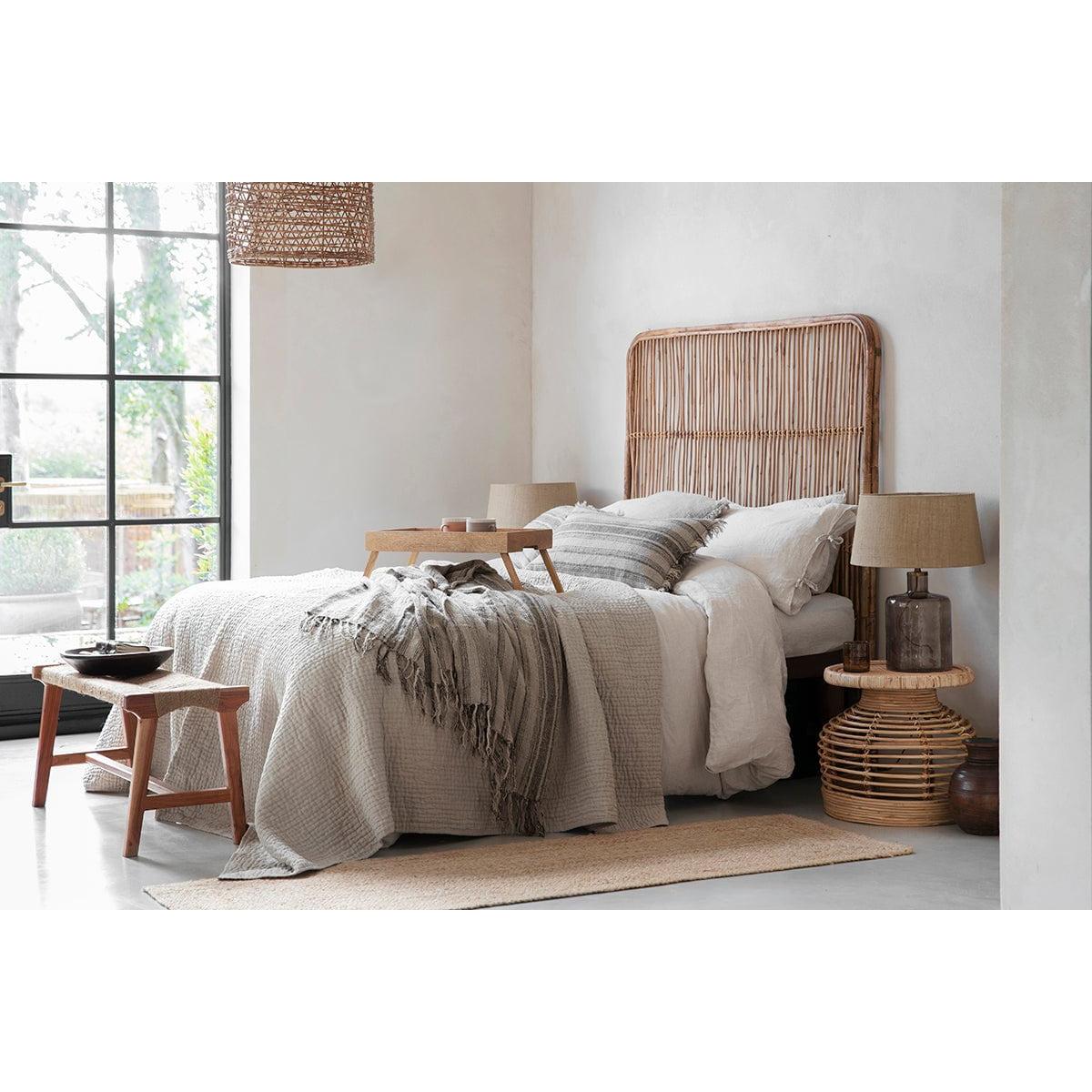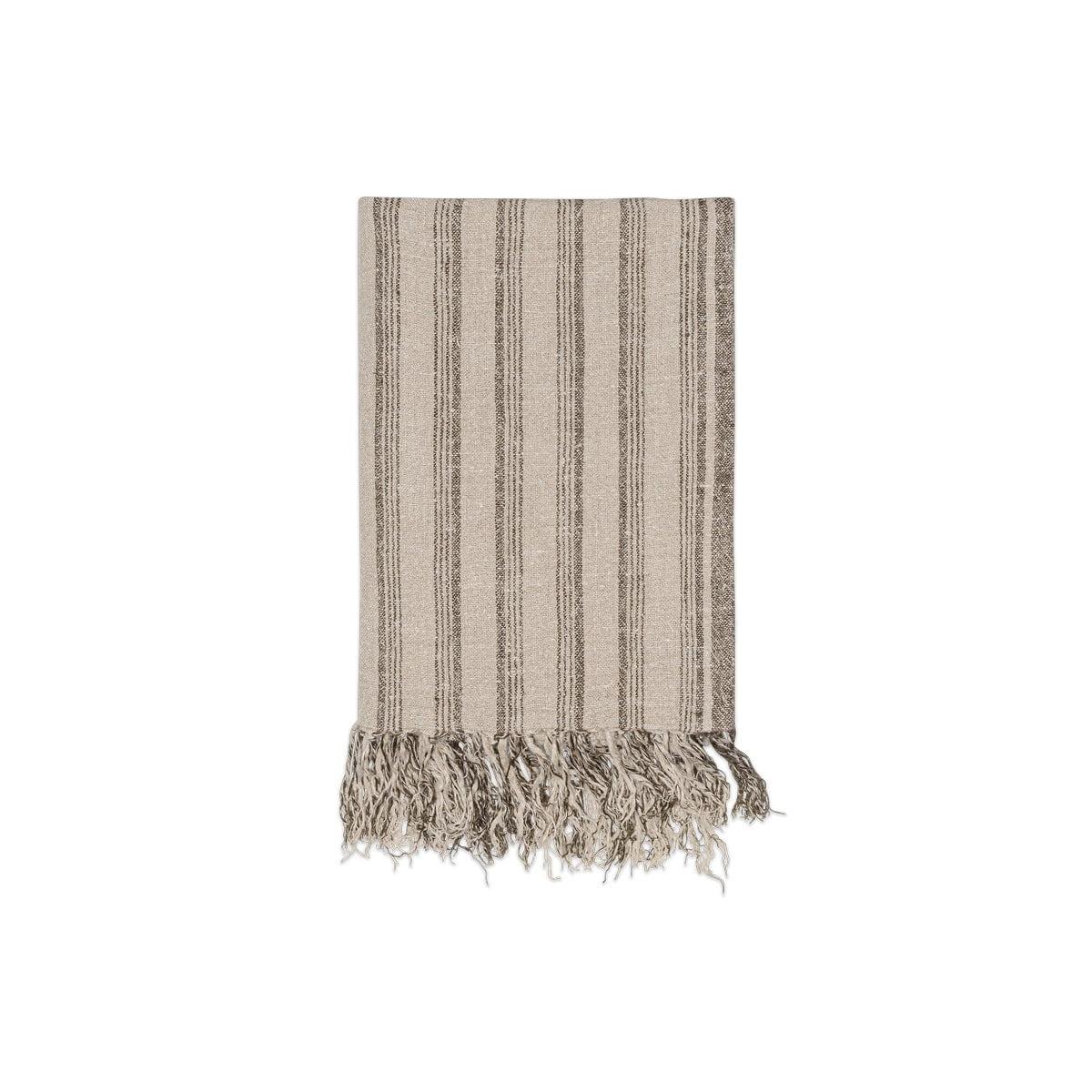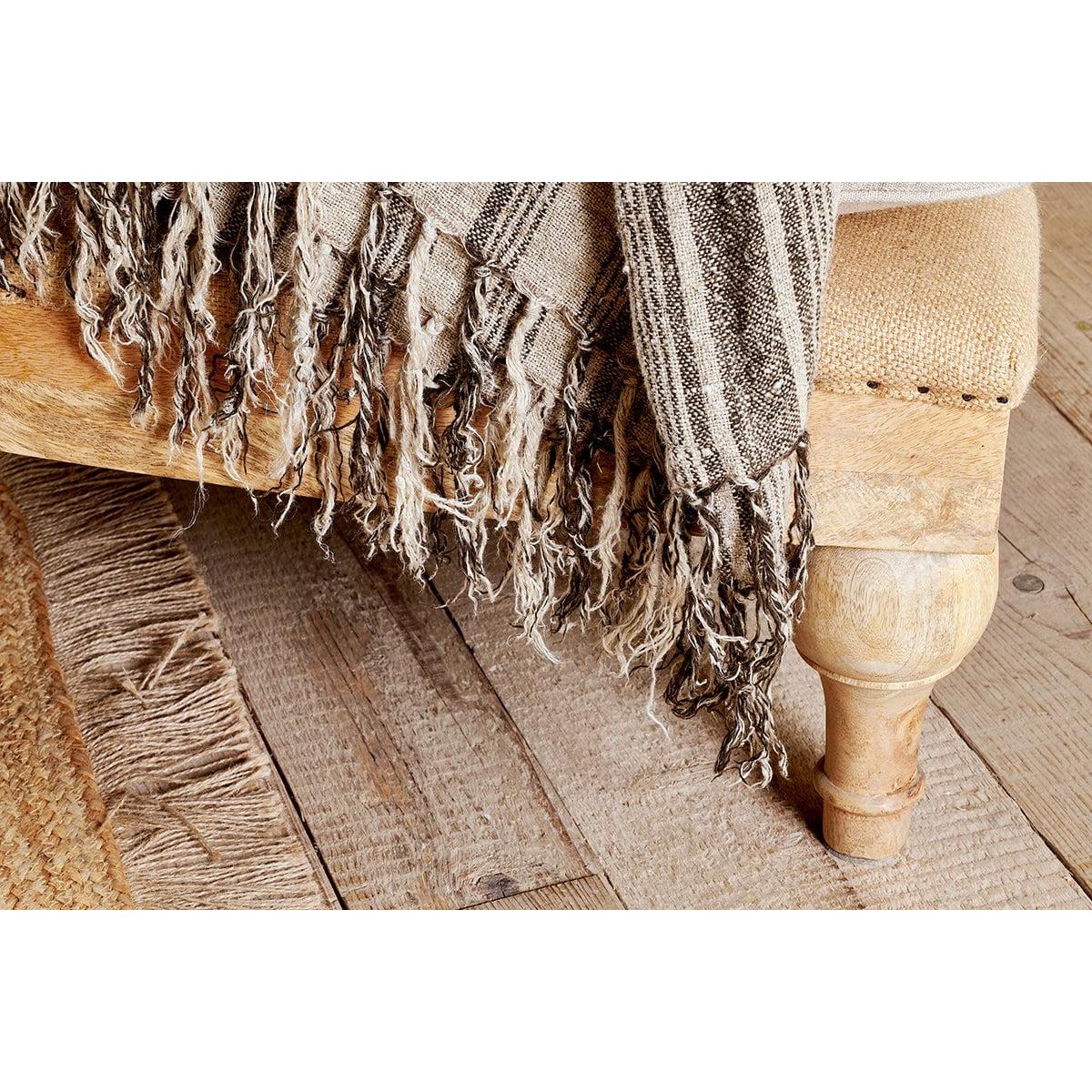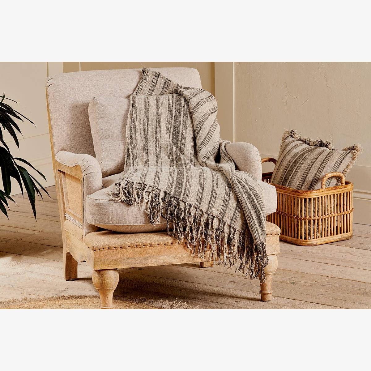 The Odisha throw blends natural and charcoal in an organic stripe. The colours work effortlessly together, forming a pared - back and timeless aesthetic. The Odisha throw is handwoven, and this is evident in the tactility of its weave. The linen has a 'slubby' feel that is complementented with the appealing stripe design. The neutrality of the charcoal and natural make it versatile, styled over a sofa, as a bed throw or out in the garden in an alfresco setting.
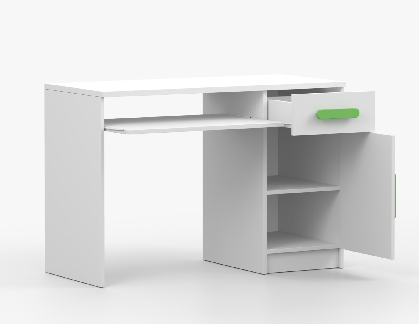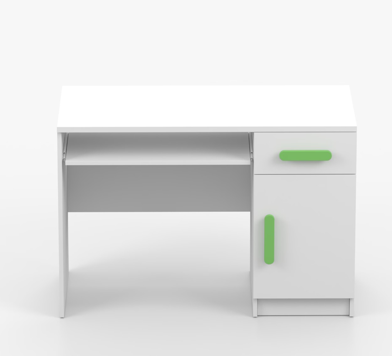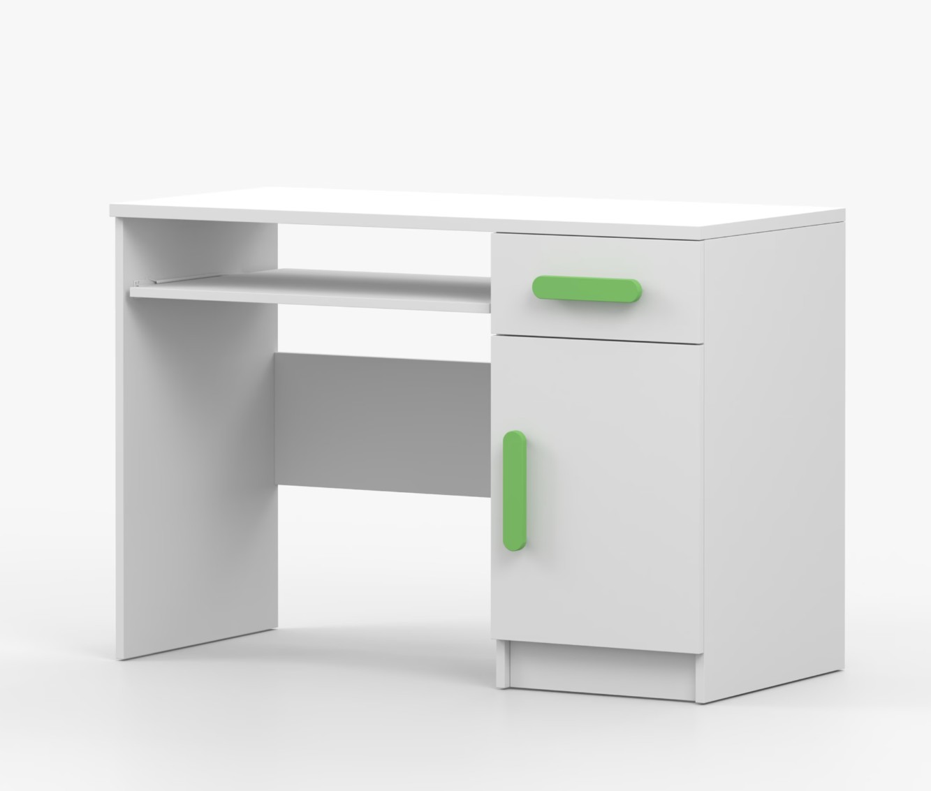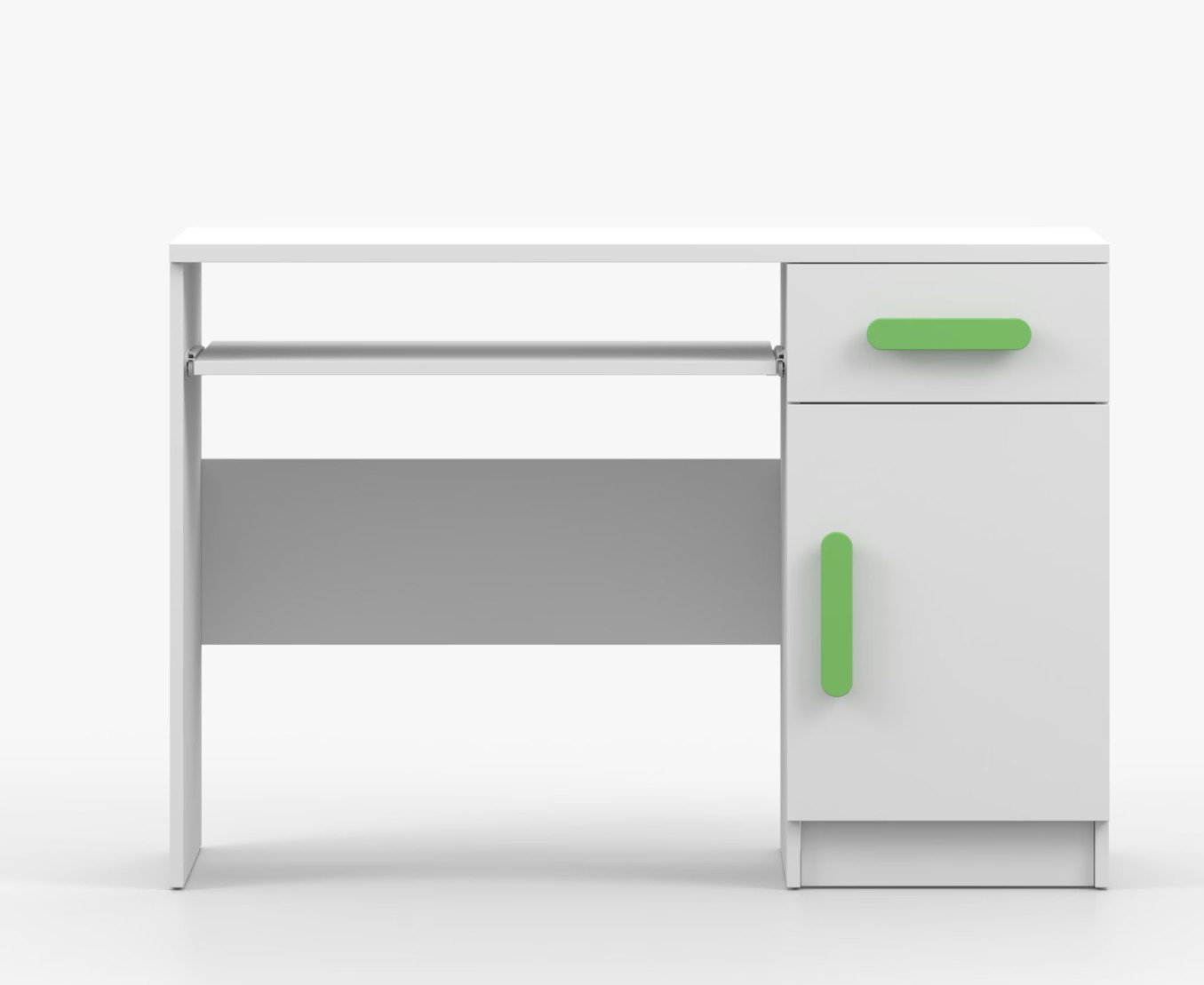 Pre študentov aj kancelárske prostredie je písací stôl SCOUT ideálnou voľbou. Ponúka veľkú pracovnú plochu, na ktorej nájdete dostatok miesta na prácu aj štúdium. Zásuvka pod pracovnou doskou umožňuje uloženie klávesnice počítača a šuplík na príslušenstvo uľahčí organizáciu pracovného priestoru. Praktická skrinka s policou je umiestnená pod šuplíkom. Farebné úchytky z PVC pridávajú zaujímavý designový prvok k tomuto praktickému kusu nábytku.
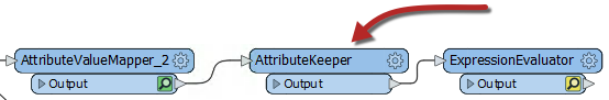 One aspect of data is the number of attributes and lists. Since there are a lot of additional attributes to remove but only a few we need to keep, we will use the AttributeKeeper transformer. Place the AttributeKeeper between the AttributeValueMapper_2 and the ExpressionEvaluator transformers:
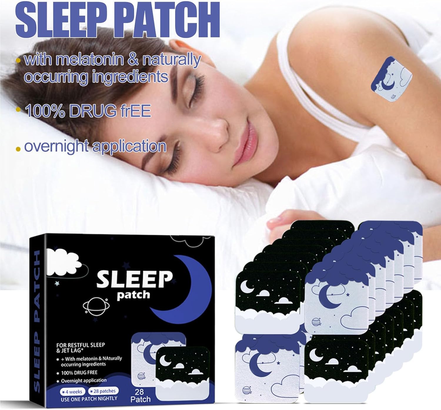 【Balance Health】Sleep Aid Patch helps you fall asleep faster and maintain a good night’s sleep.Selected extracts are more effective and allow you to fall into a deeper sleep faster.
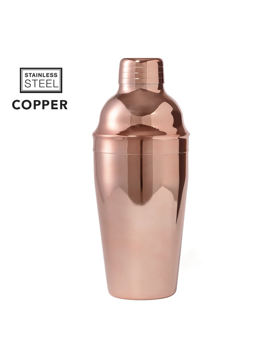 Cocktelera de 550 ml de capacidad en acero inox y recubrimiento exterior de cobre galvanizado. Con cierre de seguridad y tapón dosificador en parte superior. Presentada en atractiva caja individual de diseño.
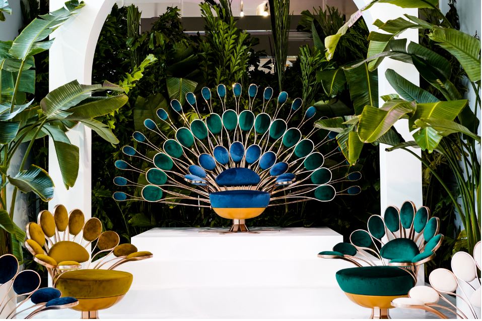 Visionnaire. Poltrona Pavone, Art Design Collection 2020 design Marc Ange. Pavone è un trono, un pezzo unico. Una seduta cerimoniale realizzata con tessuti esclusivi dell’azienda: il verde, blu brillante accompagnati dall’ottone con finitura bronzo. Da usare da sola o in più elementi per creare una scenografia all’insegna del lusso e della bellezza ed ed molto adatta a location cinematografiche. www.visionnaire-home.com
++++++
▸ **WORK TASK**: Beginning with the line that contains "Pre študentov aj", write out the lines of the material above exactly, and end with the line that contains "One aspect of". Omit the pictures.

▸ **REPLY**:
 Pre študentov aj kancelárske prostredie je písací stôl SCOUT ideálnou voľbou. Ponúka veľkú pracovnú plochu, na ktorej nájdete dostatok miesta na prácu aj štúdium. Zásuvka pod pracovnou doskou umožňuje uloženie klávesnice počítača a šuplík na príslušenstvo uľahčí organizáciu pracovného priestoru. Praktická skrinka s policou je umiestnená pod šuplíkom. Farebné úchytky z PVC pridávajú zaujímavý designový prvok k tomuto praktickému kusu nábytku.
 One aspect of data is the number of attributes and lists. Since there are a lot of additional attributes to remove but only a few we need to keep, we will use the AttributeKeeper transformer. Place the AttributeKeeper between the AttributeValueMapper_2 and the ExpressionEvaluator transformers:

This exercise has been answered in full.